I have been reading John Hasnas recently, which has been beneficial for a number of reasons, though it has been slightly toxic to my mental health. His telling of the history of law has made me rethink much of my conception of law. Mind you, I am not a lawyer, so I do not profess an intimate knowledge of legal scholarship, but his distinction between kinds of laws (customary law and judge made law) has pushed me down a number of interesting avenues of thought, and shored up something thinking, which I want to lay out here.
The Anglo-American legal system is often referred to as a common law legal system. This is unfortunate, given the anachronistic contemporary understanding of the term “common law.” Currently, common law is associated with “judgemade” law. For most of the formative period of the common law, however, judges did not make the law, but merely presided over proceedings where disputes were resolved according to the accepted principles of customary law. Hence, describing the English common law as judge-made law is akin to describing the market as something created by economists. English common law is, in fact, case-generated law; that is, law that spontaneously evolves from the settlement of actual disputes. Almost all of the law that provides the infrastructure of our contemporary society was created in this way.
The transition between the two comes at the tail end of the 15th centuries and continues well into the 18th century with the classical liberal movement, which, as many have rightly intimated, was a project to govern and to legitimate this governance more than any other. I call this the problem of governing—on what basis can we legitimate government. For the classical liberals, it was accomplished by institutionalizing a whole range of relations through law that had largely been constrained by custom up until that point. Of course, this process was tied up with nationalism and the concept of the public and the nation, but a full length treatise of those subjects will come later. Around this time, we also see the switch from an agrarian to an industrial base, resulting in changes in social relations.
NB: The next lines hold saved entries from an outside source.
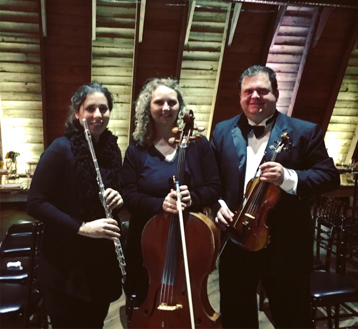 A flutist, violinist and cellist for a wedding ceremony
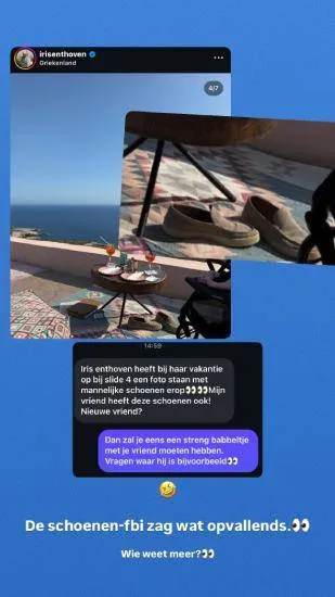 Het begon allemaal onschuldig: Iris deelde op haar Instagram een zonnige vakantiefoto uit Griekenland. Uitzicht op zee, een Aperol Spritz op tafel… en een paar opvallend mannelijke schoenen naast het tafeltje. "Mijn vriend heeft deze schoenen ook!" fluistert een oplettende volger via DM. Het gerucht dat Iris misschien niet alleen op reis was, begon direct te zoemen in de digitale wandelgangen.
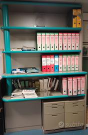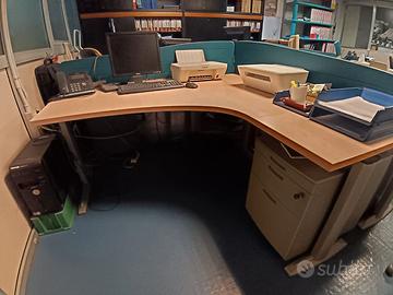Arredo completo per ufficio composto da n.5 scrivanie modulari, di cui 4 con dimensioni 160x160 cm e 1 con dimensioni 180x220 cm, complete di cassettiere. Scaffalatura abbinata alle scivanie, con dimensioni 157x65x250 (h) cm In ottimo stato! Smontaggio non incluso
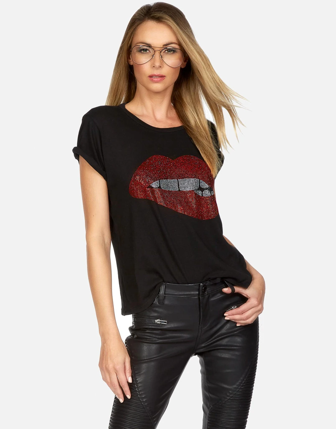 WEB EXCLUSIVE | Crystal Biting Lip Printed on Ultra Soft Lightweight Tee in Black by Lauren Moshi.
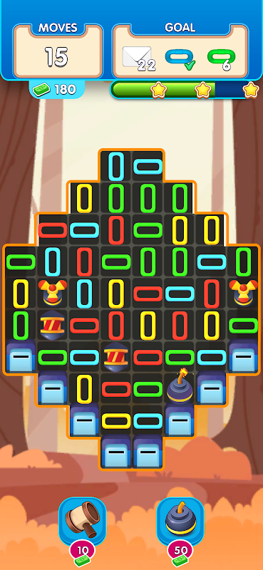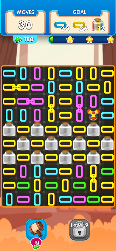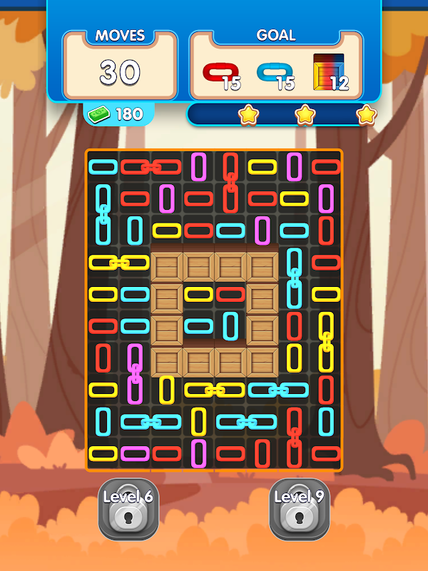 Reach the desired goal by combining chains of the same color. Break more chains by combining four and five chains.
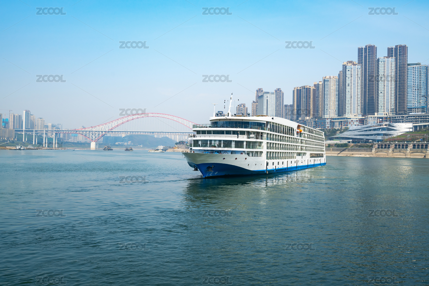 重慶長(zhǎng)江航道上航行的兩江游輪
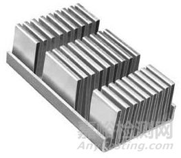(2)平板型鰭片做橫切將平板鰭片切成多個短的部分,這樣雖然會減少散熱片面,但是卻增加了熱傳導系數(shù),同時也會增加壓。當風向為不定方向時,此種設(shè)計較為適當。(如摩托車上的散熱片)
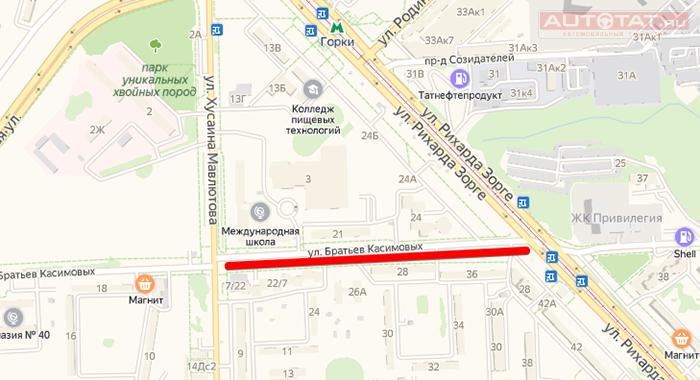 С 20 июня в Казани закрывается движение по ул.. Бр. Касимовых
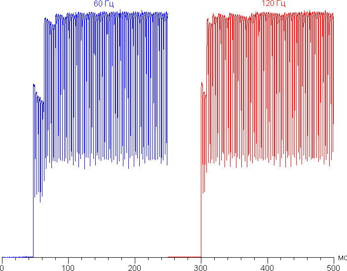 Переключение состояния элементов матрицы выполняется практически мгновенно, но на фронте включения может присутствовать ступенька шириной примерно 17 мс (что соответствует частоте обновления экрана примерно в 60 Гц) или примерно 8 мс (120 Гц). Например, так выглядит зависимость яркости от времени при переходе от черного к белому (режим 60 Гц и 120 Гц):
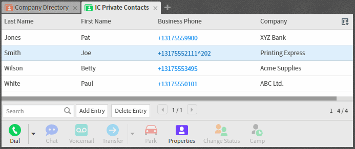 lorsque vous disposez des droits appropriés, comme dans l'annuaire de Contacts privés IC, vous pouvez insérer et supprimer des entrées d'annuaire.
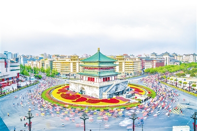 西安国际马拉松参赛选手跑过西安钟楼。在建设世界赛事名城过程中,西安国际马拉松和西安城墙国际马拉松等赛事品质近年来持续提升。
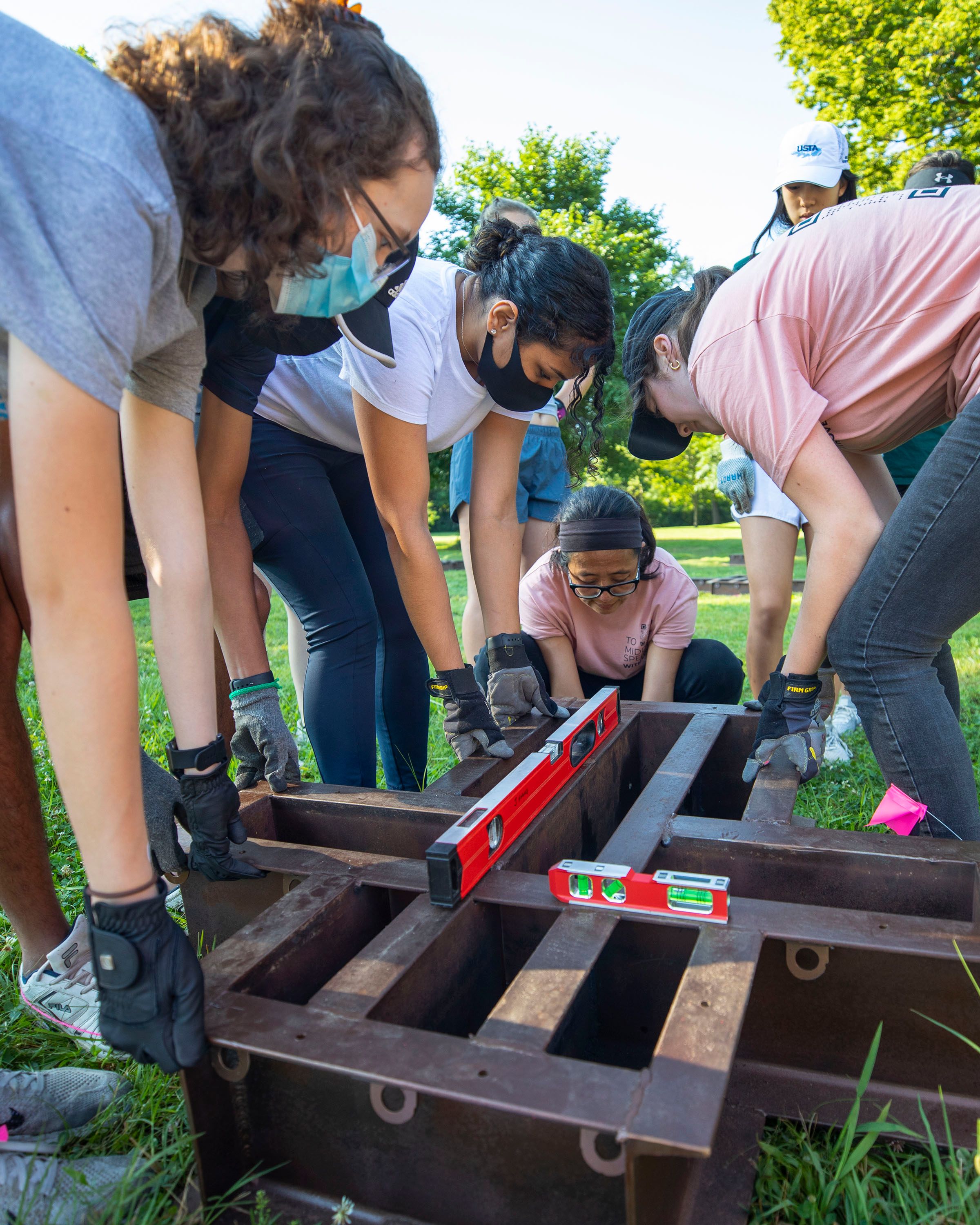 A team of student volunteers from the environmental club at Columbus North High School in Indiana helped UB architecture professor Joyce Hwang (far left) assemble the base structures for To Middle Species, With Love. Photo: Hadley Fruits

One of the most important changes is elucidated by Dierdre McCloskey in her theory of industrial change. What we see is actually a loosening of acceptable occupations—the entrepreneur/individual gains legitimacy. Combined, the late 18th and early 19th century saw the creation of legitimacy for both modern institutions and the individual codified through law. It became tantamount to the word of God, mainly because, and we are apt to forget this, law was The Word instanced in human society.
However, the arguments for legitimation of law are not the same as the logic that created it. Hasnas further explains,
When I teach Torts, I ask the students to account for these rules. Being products of the legislative age, they inevitably launch into some theory of justice or moral desert or human rights, which invariably fails to account for the contours of the law. After all, attempting to batter someone is morally blameworthy whether or not theintended victim is aware of it, and one hardly has the right not to be offended.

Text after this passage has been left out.